1. ## Derivtive of Inverse

Hey guys Im not sure how to do this and would be delighted with any help. I was thinking simplifying (f -1 o f)(x) and then chain rule.

Suppose that (
a, b) to(c, d) is a bijection,
and that f is differentiable on (a, b). Assuming that this implies that the inverse function
f -1 : (c, d) to (a, b) is differentiable on (c, d), show that if y0 element of(c; d) and x0= f -1(y0) then,

(f -1)'(y0) = 1/f '((f -1)(y0)), if f '(x0) is not 0

2. ## Re: Derivtive of Inverse

Originally Posted by MathJack
Hey guys Im not sure how to do this and would be delighted with any help. I was thinking simplifying (f -1 o f)(x) and then chain rule.

Suppose that (a, b) to (c, d) is a bijection,and that f is differentiable on (a, b).

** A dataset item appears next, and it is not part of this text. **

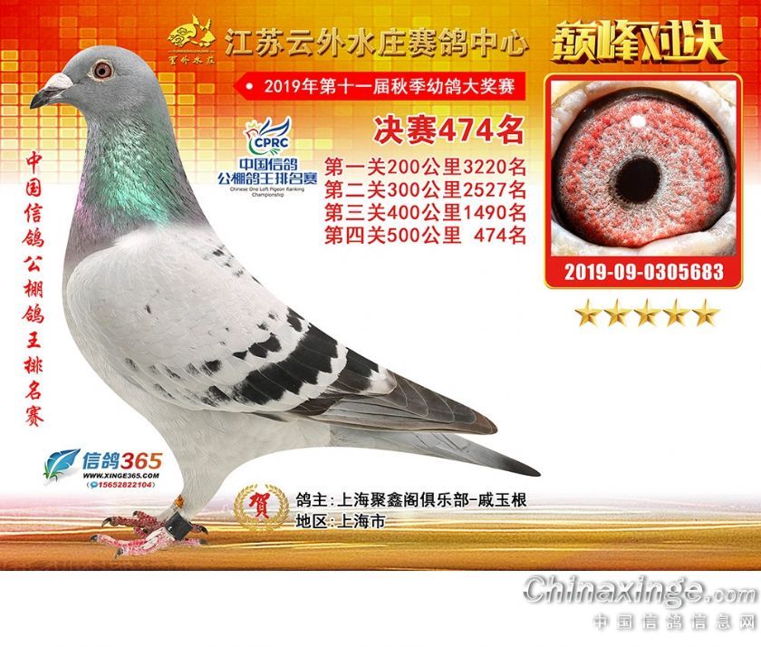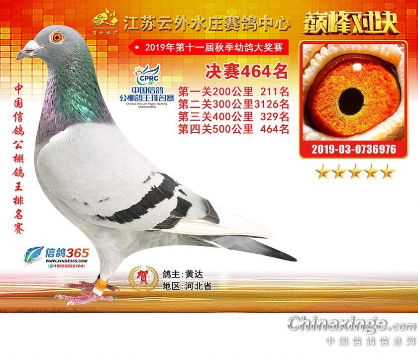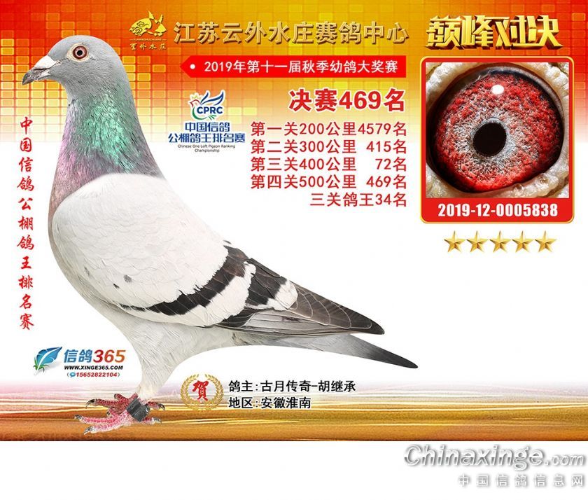 作品说明: 江苏云外水庄赛鸽中心2019年获奖鸽451-480名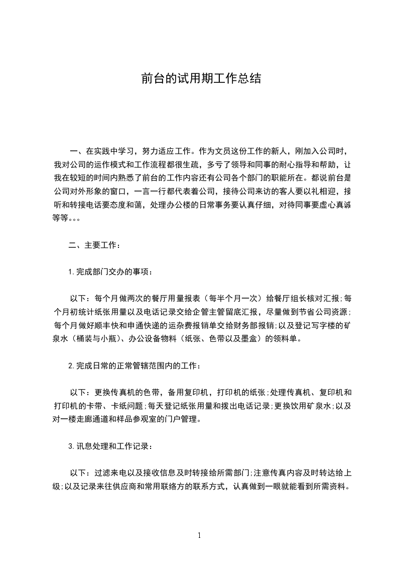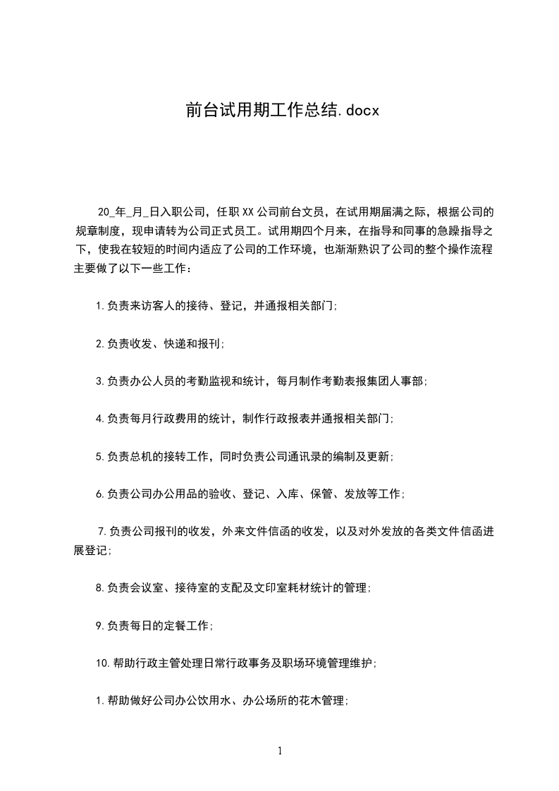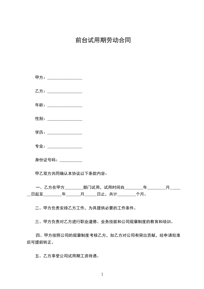 一、乙方在甲方_________部门试用,试用时间自_________年_________月_______日起至_________年_______月______日止,共计_________个月。

Assuming that this implies that the inverse function
f -1 : (c, d) to (a, b) is differentiable on (c, d), show that if y0 element of (c; d) and x0 = f -1(y0) then,

(f -1)'(y0) = 1/f '((f -1)(y0)), if f '(x0) is not 0

Recall that $\displaystyle f^{-1}(f(x))=x$ thus $\displaystyle {D_x}\left[ {{f^{ - 1}}\left( {f(x)} \right)} \right] = \left[ {{{\left( {{f^{ - 1}}} \right)}^\prime }\left( {f(x)} \right)} \right] \cdot f'(x) = 1$.

So if $\displaystyle f(x_0)=y_0$ we get $\displaystyle {\left( {{f^{ - 1}}} \right)^\prime }\left( {f({x_0})} \right) = {\left( {{f^{ - 1}}} \right)^\prime }\left( {{y_0}} \right) = \frac{1}{{f'({x_0})}}$